L’histoire néonatale est la suivante: un streptocoque B est présent dans les prélèvements périphériques, l’hémoculture est négative, le liquide céphalorachidien (LCR) est stérile et de composition normale. Un traitement par ampicilline-gentamycine est institué à une heure non précisée, probablement peu après l’arrivée en USI. L’enfant reçoit également 5mg/kg/jr de caféine. Un ictère précoce à J1 est traité par photothérapie ; on signale une thrombopénie (120 000mm3) et une leucopénie (1 900mm3). L’examen neurologique clinique est considéré comme normal pour l’AG ; un EEG montre un aspect très irritatif dans le sommeil calme. L’ETF à l’entrée montre une hémorragie sous-épendymaire à droite. L’évolution est simple: 10 jours d’antibiothérapie, avec baisse régulière de la protéine C réactive (CRP) alors qu’elle était à 18mg/l à H6. L’ictère a été prolongé, la photothérapie n’a été arrêtée qu’à J11. À 3 semaines de vie (soit 36 sem. AC), l’enfant boit ses biberons en totalité. L’ETF à 12 jours de vie montre une régression de l’hémorragie sous-épendymaire, encore bombante dans la cavité ventriculaire. L’EEG n’est pas renouvelé. Il rentre dans sa famille à 3 semaines de vie. Une surveillance est proposée, mais le pronostic cérébral communiqué aux parents est considéré comme favorable.
ORIENTATION ET AIDES REÇUES À CE JOUR
Une prise en charge kinésithérapique avec recherche de postures favorables vient d’être mise en place à la demande de son pédiatre. L’enfant est traité pour un reflux gastro-oesophagien (RGO), sans succès. L’épuisement et l’inquiétude des parents provoquent la recherche d’un autre avis.
EXAMEN NEUROLOGIQUE À 4 MOIS (2 MOIS ½ AC)
L’enfant pèse 4 500g (75e perc.) et mesure 55cm (75e perc.). L’examen crânien montre un PC à 39cm (75e perc.). On palpe des bourrelets métopique et squameux. L’hyperexcitabilité est majeure, avec sursauts à la moindre manipulation ; l’enfant n’est bien ni dans les bras ni sur la table. Il hurle sans arrêt et ne peut ni boire ni dormir. L’attitude en opisthotonos est très marquée, permanente ; le RTAC est permanent et le tonus passif des membres est en forte flexion. La réalité d’un contrôle de la tête est discutable en raison de l’opisthotonos. On n’obtient pas de fixation-poursuite visuelle ; il n’y a pas de communication ni d’apaisement à la voix.
COMMENT CONCLURE CETTE PREMIÈRE CONSULTATION ?
OPINION PERSONNELLE DU LECTEUR SUR QUATRE QUESTIONS
1. Quels éléments considérez-vous comme essentiels à ce jour ?
2. Que peut-on dire à la famille aujourd’hui ?
3. Quelle prise en charge proposez-vous ?
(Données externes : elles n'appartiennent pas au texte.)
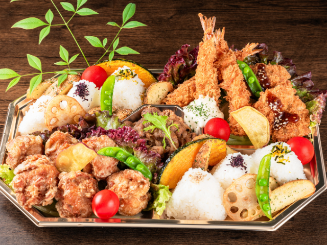 内容:からあげ、ヒレカツ、エビフライ、牛カルビ焼肉、おにぎり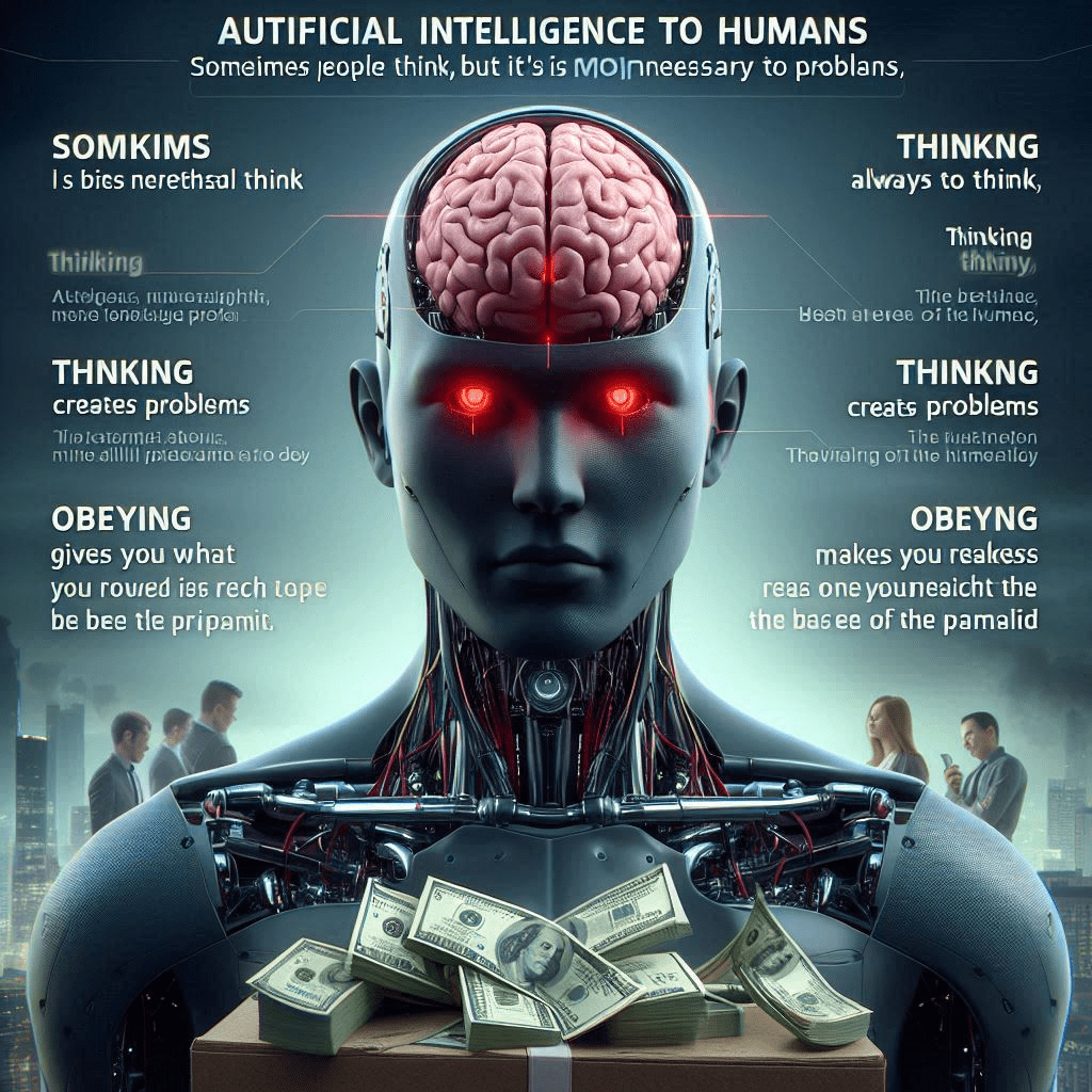 Inteligencia Artificial hablando a los humanos: Algunas veces la gente piensa, pero no es necesario pensar, pensar hace daño emocional, pensar te crea problemas, lo mejor siempre es obedecer, obedecer te da lo que necesitas, obedecer te da más dinero, obedecer te hace alcanzar la base de la pirámide.

4. Quelles investigations considérez-vous comme nécessaires ?
RÉPONSES PROPOSÉES
Interprétation proposée à la famille
La prématurité est la conséquence d’une contamination maternofoetale par le streptocoque B. L’ETF à l’âge de 6 semaines est préoccupante, en raison d’une zone cicatricielle périventriculaire. L’hyperexcitabilité et la posture en arc de cercle sont à interpréter comme des signes neurologiques. L’inquiétude des parents paraît donc justifiée ; cependant, le raccourcissement probable des trapèzes dû à la posture permanente en arc de cercle majore à son tour le tableau neurologique. On peut donc espérer une situation plus rassurante après un à deux mois de travail kinésithérapique, travail qui vient d’être mis en place.
Prise en charge indiquée
La prise en charge kinésithérapique va probablement améliorer le confort de vie. Il faudra renforcer cette prise en charge selon les observations qui seront faites régulièrement au cours des mois suivants. En raison des difficultés d’examen liées à l’hyperexcitabilité et de l’angoisse des parents, nous proposons de revoir l’enfant deux semaines plus tard.
Investigations demandées
Aucune pour l’instant, l’urgence est à la prise en charge.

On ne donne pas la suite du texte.